SUMMARY OF THE INVENTION

[0011] Multilayer reagent test strips that include at least one hydrophobic fluid flow control layer, as well as methods for using the same, are provided. The hydrophobic fluid flow control layer of the subject test strips is one that has been treated with a non-polar organic solvent to provide for a layer that delays fluid flow through a multilayer reagent test strip in a reproducible manner. Also provided are kits and systems that include the subject test strips and find use in practicing the subject methods. The subject compositions and methods find use in a variety of different analyte detection applications.

BRIEF DESCRIPTION OF THE FIGURES

[0012] FIGS. 1 to 5 provide graphical representations of results obtained from the different coating conditions for color developing membranes in the experimental section of the present application.

DESCRIPTION OF THE SPECIFIC EMBODIMENTS

[0013] Multilayer reagent test strips that include at least one hydrophobic fluid flow control layer, as well as methods for using the same, are provided. The hydrophobic fluid flow control layer of the subject test strips is one that has been treated with a non-polar organic solvent to provide for a layer that delays fluid flow through a multilayer reagent test strip in a reproducible manner. Also provided are kits and systems that include the subject test strips and find use in practicing the subject methods. The subject compositions and methods find use in a variety of different analyte detection applications.

[0014] Before the subject invention is described further, it is to be understood that the invention is not limited to the particular embodiments of the invention described below, as variations of the particular embodiments may be made and still fall within the scope of the appended claims. It is also to be understood that the terminology employed is for the purpose of describing particular embodiments, and is not intended to be limiting. Instead, the scope of the present invention will be established by the appended claims.

[0015] In this specification and the appended claims, the singular forms “a,” “an” and “the” include plural reference unless the context clearly dictates otherwise.
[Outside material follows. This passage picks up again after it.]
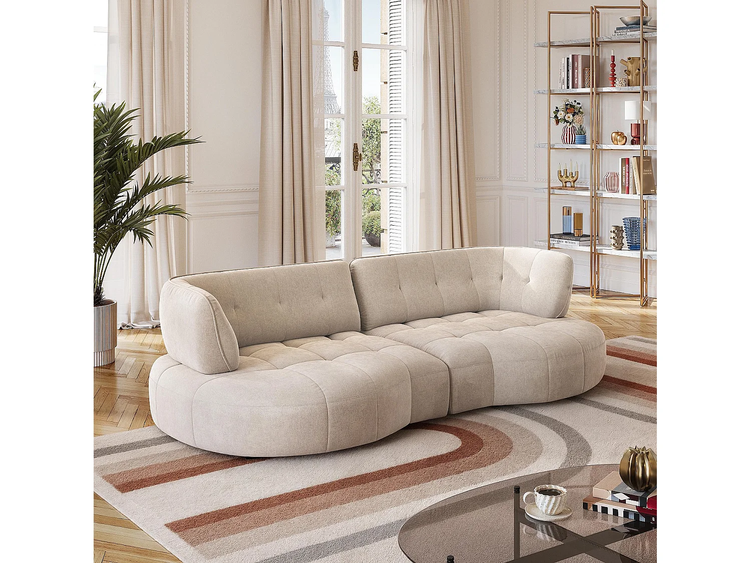 Habitat - Canapé 4 places capitonné en tissu avec dossier avance-recule - Crème - Alizee

Unless defined otherwise, all technical and scientific terms used herein have the same meaning as commonly understood to one of ordinary skill in the art to which this invention belongs.

[0016] Where a range of values is provided, it is understood that each intervening value, to the tenth of the unit of the lower limit unless the context clearly dictates otherwise, between the upper and lower limit of that range, and any other stated or intervening value in that stated range, is encompassed within the invention. The upper and lower limits of these smaller ranges may independently be included in the smaller ranges, and are also encompassed within the invention, subject to any specifically excluded limit in the stated range. Where the stated range includes one or both of the limits, ranges excluding either or both of those included limits are also included in the invention.

[0017] Unless defined otherwise, all technical and scientific terms used herein have the same meaning as commonly understood to one of ordinary skill in the art to which this invention belongs. Although any methods, devices and materials similar or equivalent to those described herein can be used in the practice or testing of the invention, the preferred methods, devices and materials are now described.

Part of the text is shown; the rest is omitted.